Die Keimzellen werden bei -196°C gelagert. In diesem "Kälteschlaf" sind sie für mehrere Jahre überlebensfähig.
Getty Images/iStockphoto

Die Behandlung von Krebs bei Kindern ist zunehmend erfolgreich, führt jedoch dazu, dass viele präpubertäre Buben im späteren Leben an verminderter Fruchtbarkeit leiden oder gänzlich unfruchtbar sind. Eine Chemotherapie zur Behandlung von Krebs kann Stammzellen in den Hoden töten, die Spermien produzieren. Erwachsene können vor dieser Behandlung Samenproben einfrieren lassen, aber das ist keine Option für Kinder, die noch nicht in der Pubertät sind. 

Eine mögliche Behandlung wäre das Entnehmen, Einfrieren und Wiedereinpflanzen von Hodengewebe, das Stammzellen enthält. Aber für präpubertäre Jungen mit Krebs ist eine Reimplantation möglicherweise erst ein Jahrzehnt oder länger nach der Entnahme möglich, was die Frage aufwirft, wie lange gefrorene spermatogene Stammzellen (SSCs) lebensfähig bleiben können. 

Die Kryokonservierung bezeichnet ein schonendes und aufwendiges Verfahren zum Einfrieren von Keimzellen (Eizellen und Samenzellen). Dies ist ein Vorgang, der computergesteuert über mehrere Stunden abläuft, bis letztendlich die Keimzellen im flüssigen Stickstoff bei ca. -196°C gelagert werden. In diesem "Kälteschlaf" sind die Keimzellen für mehrere Jahre überlebensfähig. Viele Frauen lassen etwa ihre Eizellen für den späteren Bedarf einfrieren. Durch die extrem tiefen Temperaturen findet praktisch kein Stoffwechsel in der Eizelle statt und damit auch kein Alterungsprozess.

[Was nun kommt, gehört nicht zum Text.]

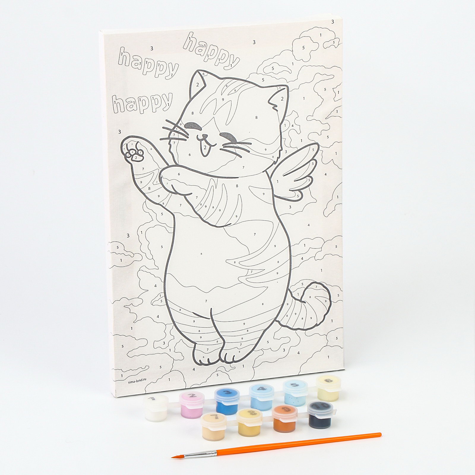 Картина по номерам для детей на холсте с подрамником "Счастливый котик", 20 x 30 см, Школа талантов, Россия

Um dieser Frage nachzugehen, tauten die Forscher spermatogene Stammzellen von Ratten auf, die mehr als 23 Jahre in ihrem Labor kryokonserviert worden waren, und implantierten sie in Mäuse, die zuvor mit Medikamenten unfruchtbar gemacht wurden und ein defektes Immunsystem hatten, sodass sie das Transplantat nicht abstoßen konnten. HIER geht's zur Studie.

Zwei Drittel weniger

Sie verglichen die Fähigkeit der lang eingefrorenen SSCs, lebensfähige Spermien zu erzeugen, mit Stammzellen, die nur wenige Monate lang eingefroren waren und mit frisch entnommenen SSCs. Dabei zeigte es sich, dass die 23 Jahre alten Stammzellen ihre Zeit im Eis überlebt haben und in den Hoden neue spermienproduzierender Zellen bildeten. Diese Zellgruppen aus den implantierten Stammzellen produzierten dann reife Spermien, jedoch nur etwa ein Drittel so viel wie bei Implantaten von frischen oder nur kurz eingefrorenen Zellen.

Die Studie von Whelan und seinen Kollegen gibt dennoch Anlass zu Optimismus. "Unsere Studie hat gezeigt, dass 23 Jahre eingefrorene Spermatogonien-Stammzellen von Ratten in ein unfruchtbares Empfängertier transplantiert und die Fähigkeit zur Spermienproduktion regeneriert werden konnte - wenn auch mit reduzierter Rate. Dies könnte eine Methode zur Wiederherstellung der Fruchtbarkeit bei präpubertären Jungen darstellen, die wegen Krebs behandelt wurden." Eine Studie am Menschen steht noch aus.